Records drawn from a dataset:

----

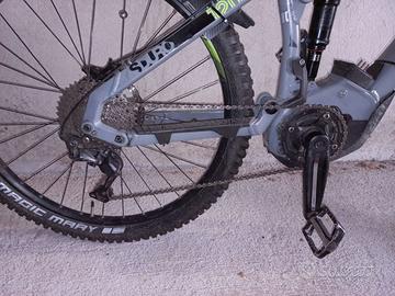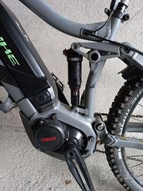 Emtb Haibike biammortizzata con motore Yamaha PW-SE da 250w 70Nm, batteria originale Yamaha 500Wh, telaio in alluminio, forcella RockShox 120mm, ammortizzatore posteriore RockShox, cambio Shimano Deore M6000, corona 34T, pacco pignoni 10v 11-42T, freni idraulici Shimano MT520 4 pistoni con dischi 203mm ant 180mm post, reggisella telescopico XLC 80mm con comando al manubrio, cerchi 27,5'', copertoni Schwalbe Magic Mary 2.4 ant/post come nuovi, peso 23kg con la batteria, acquistata settembre 2019, 6400km, completa di caricabatteria, chiavi batteria e istruzioni originali. Taglia telaio S perfetta per altezze ciclista 150-160cm.
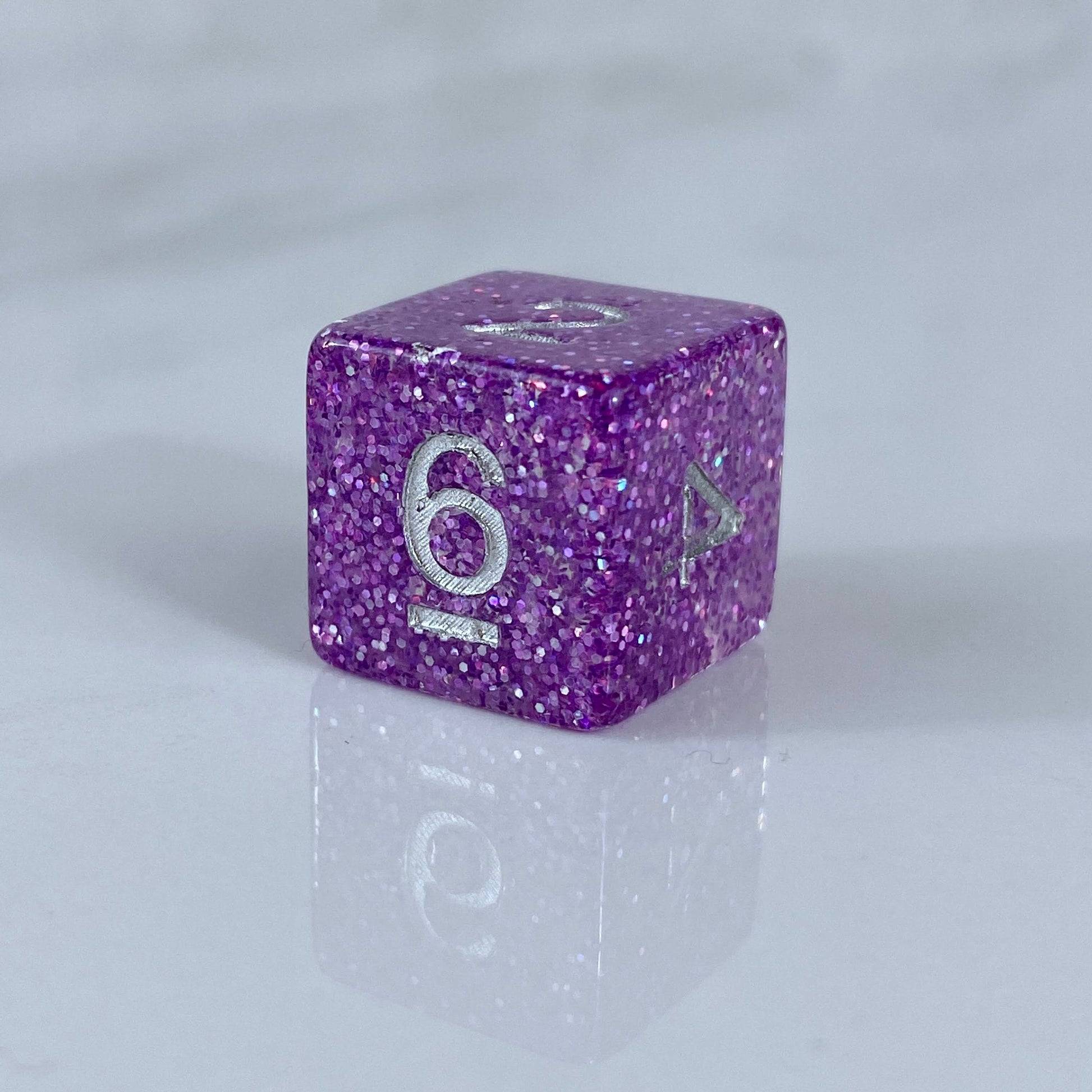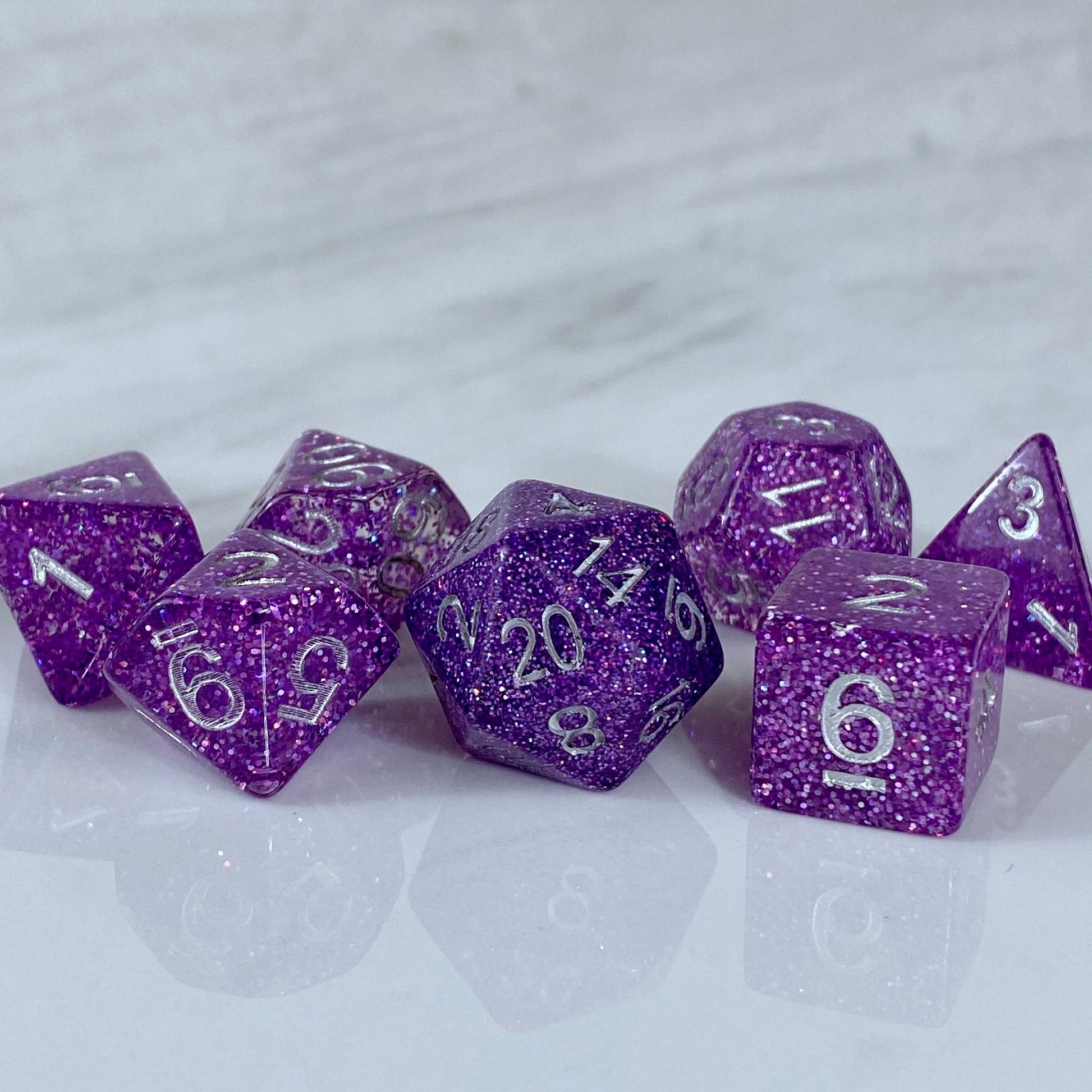 Packed with fine glitter these dice shimmer and sparkle. No promises these will allow you greater invisibility, fly, or polymorph, but hey, it never hurts to try.
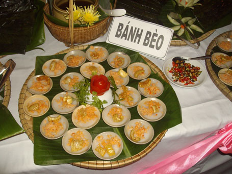 Thưởng thức bánh bèo đúng nghĩa phải là bánh được làm trong từng chén nhỏ, và được sắp lên những cái mẹt tre
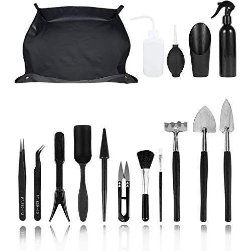 GENERISCH ガーデニングツールは、多肉植物や観葉植物に最適な15点または16点セットの園芸用品です。室内での庭造りに便利なハンドツールやじょうろが含まれています。
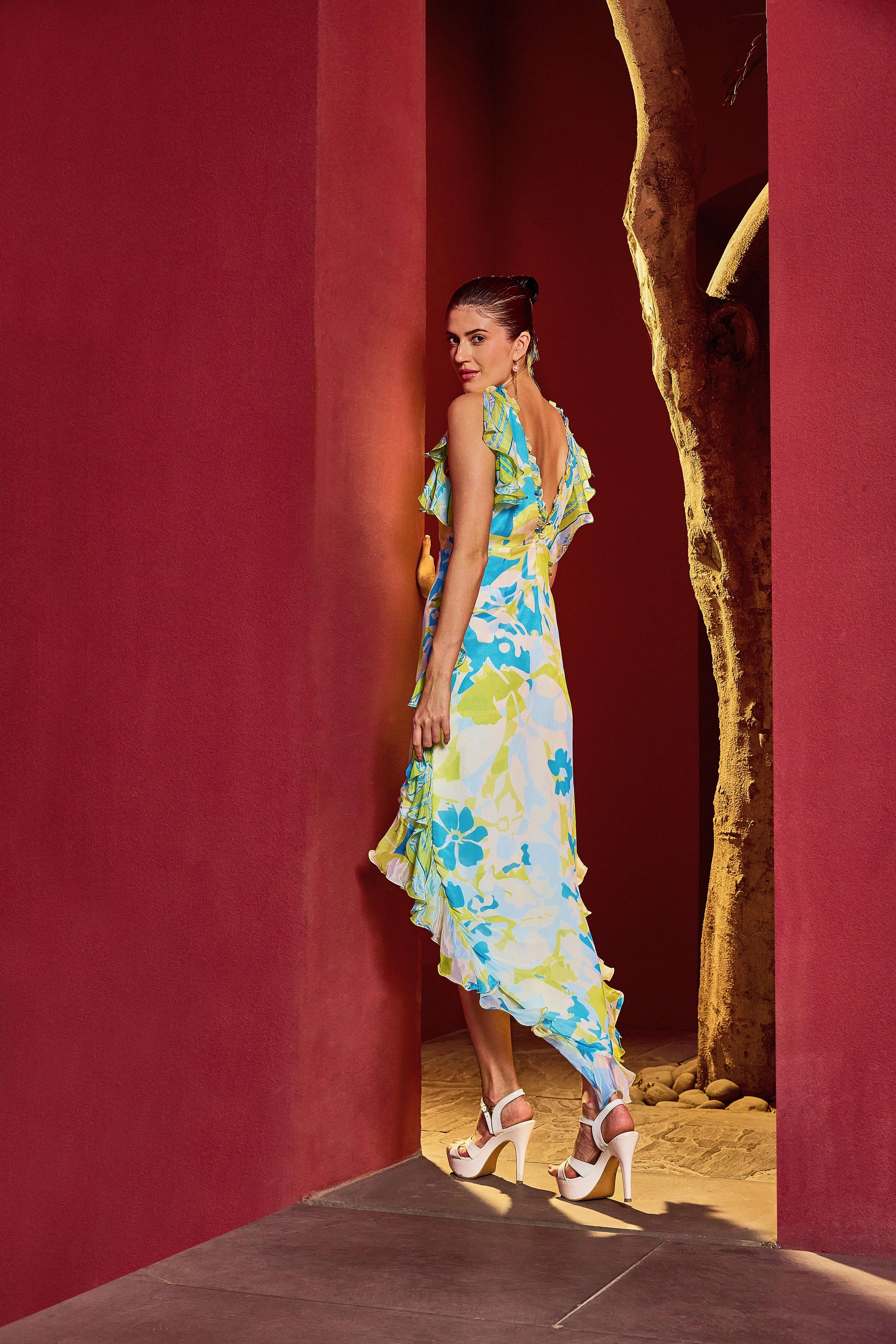 Vibrant and playful, this high-low dress features ruffled detailing in teal and lime yellow for a bold, energetic look.
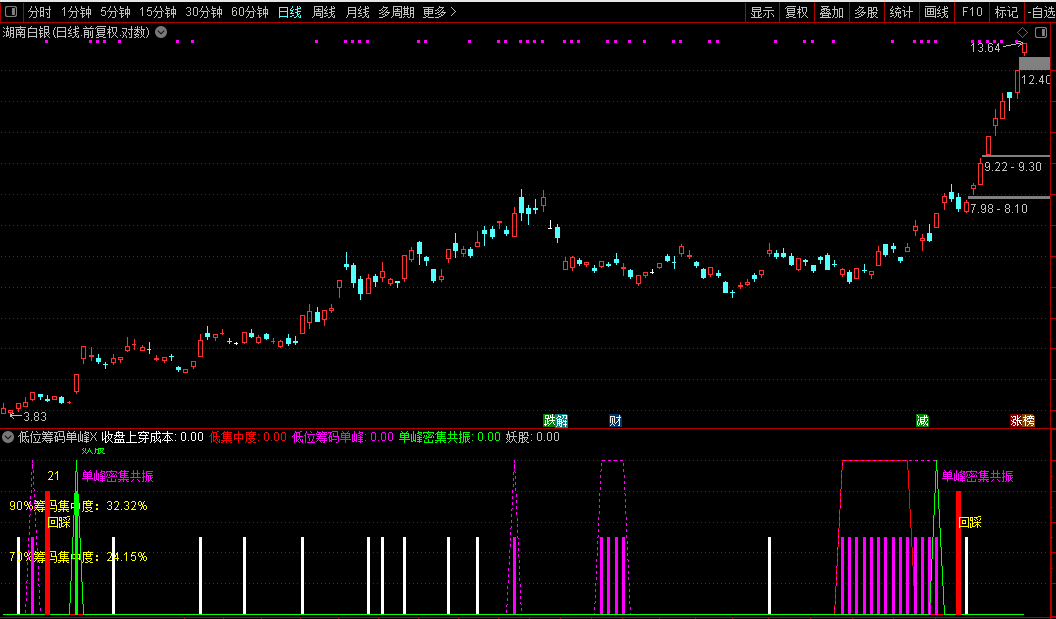 低位筹码单峰副图,副图出现紫色柱密集的地方就可以关注了,低位集中度少于12%后越少越好,阳线 启动向上突破企稳后会现一波行情。
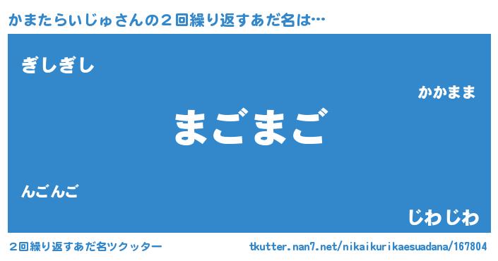 | 意味不明あだ名 | 『自称かまたらいじゅ』 |
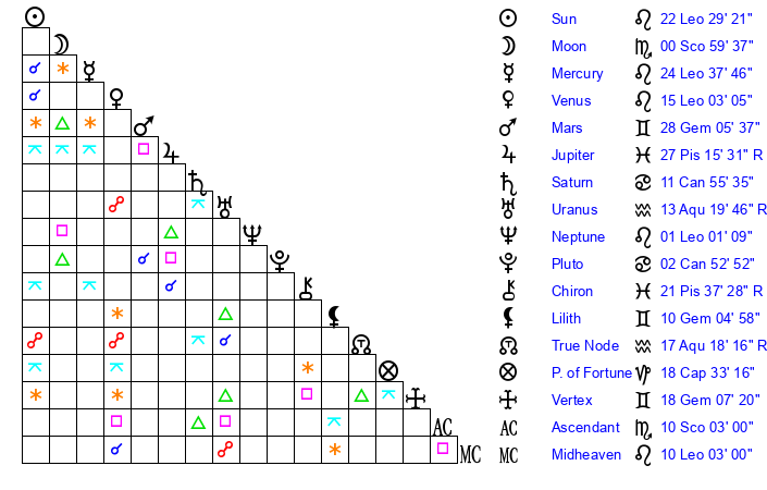 | Neptune | 1 Leo 2 | 1 Aries 42 | 2 Leo 27 |
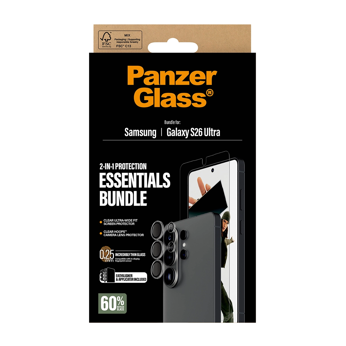 PanzerGlass ® Hoops® 2-in-1 Bundle Samsung Galaxy S26 Ultra | Ultra-Wide Fit. Merkcompatibiliteit: Samsung, Compatibiliteit: Samsung - Galaxy S26 Ultra. Droge toepassing. Veiligheidsfunties: Krasbestendig, Schokbestendig. Materiaal: Gehard glas, Silicone, Polyethyleentereftalaat (PET), Kleur van het product: Transparant. Aantal per verpakking: 1 stuk(s)
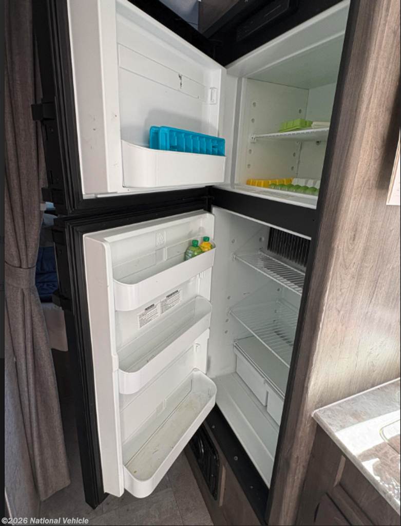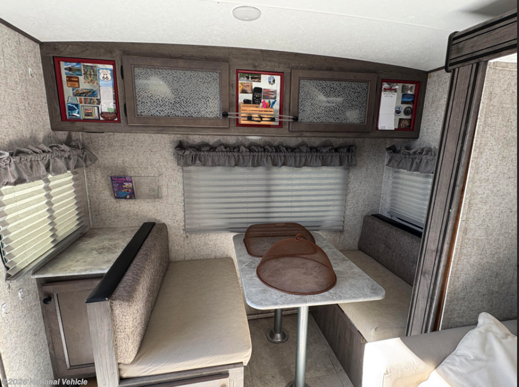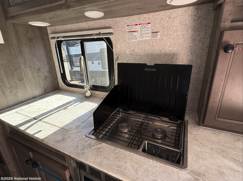 Inside, the 213RDS floorplan offers a bright, open layout with panoramic rear windows and a spacious rear dinette, perfect for dining, relaxing, or converting into additional sleeping space. The mid-living area features a comfortable sofa, and the fully equipped kitchen includes a two-burner cooktop, microwave, stainless-steel sink, and a large refrigerator?giving you all the essentials for cooking on the go.

----

Task description: The records above need to be reproduced exactly, with all images omitted.

Task result:
 Emtb Haibike biammortizzata con motore Yamaha PW-SE da 250w 70Nm, batteria originale Yamaha 500Wh, telaio in alluminio, forcella RockShox 120mm, ammortizzatore posteriore RockShox, cambio Shimano Deore M6000, corona 34T, pacco pignoni 10v 11-42T, freni idraulici Shimano MT520 4 pistoni con dischi 203mm ant 180mm post, reggisella telescopico XLC 80mm con comando al manubrio, cerchi 27,5'', copertoni Schwalbe Magic Mary 2.4 ant/post come nuovi, peso 23kg con la batteria, acquistata settembre 2019, 6400km, completa di caricabatteria, chiavi batteria e istruzioni originali. Taglia telaio S perfetta per altezze ciclista 150-160cm.
 Packed with fine glitter these dice shimmer and sparkle. No promises these will allow you greater invisibility, fly, or polymorph, but hey, it never hurts to try.
 Thưởng thức bánh bèo đúng nghĩa phải là bánh được làm trong từng chén nhỏ, và được sắp lên những cái mẹt tre
 GENERISCH ガーデニングツールは、多肉植物や観葉植物に最適な15点または16点セットの園芸用品です。室内での庭造りに便利なハンドツールやじょうろが含まれています。
 Vibrant and playful, this high-low dress features ruffled detailing in teal and lime yellow for a bold, energetic look.
 低位筹码单峰副图,副图出现紫色柱密集的地方就可以关注了,低位集中度少于12%后越少越好,阳线 启动向上突破企稳后会现一波行情。
 | 意味不明あだ名 | 『自称かまたらいじゅ』 |
 | Neptune | 1 Leo 2 | 1 Aries 42 | 2 Leo 27 |
 PanzerGlass ® Hoops® 2-in-1 Bundle Samsung Galaxy S26 Ultra | Ultra-Wide Fit. Merkcompatibiliteit: Samsung, Compatibiliteit: Samsung - Galaxy S26 Ultra. Droge toepassing. Veiligheidsfunties: Krasbestendig, Schokbestendig. Materiaal: Gehard glas, Silicone, Polyethyleentereftalaat (PET), Kleur van het product: Transparant. Aantal per verpakking: 1 stuk(s)
 Inside, the 213RDS floorplan offers a bright, open layout with panoramic rear windows and a spacious rear dinette, perfect for dining, relaxing, or converting into additional sleeping space. The mid-living area features a comfortable sofa, and the fully equipped kitchen includes a two-burner cooktop, microwave, stainless-steel sink, and a large refrigerator?giving you all the essentials for cooking on the go.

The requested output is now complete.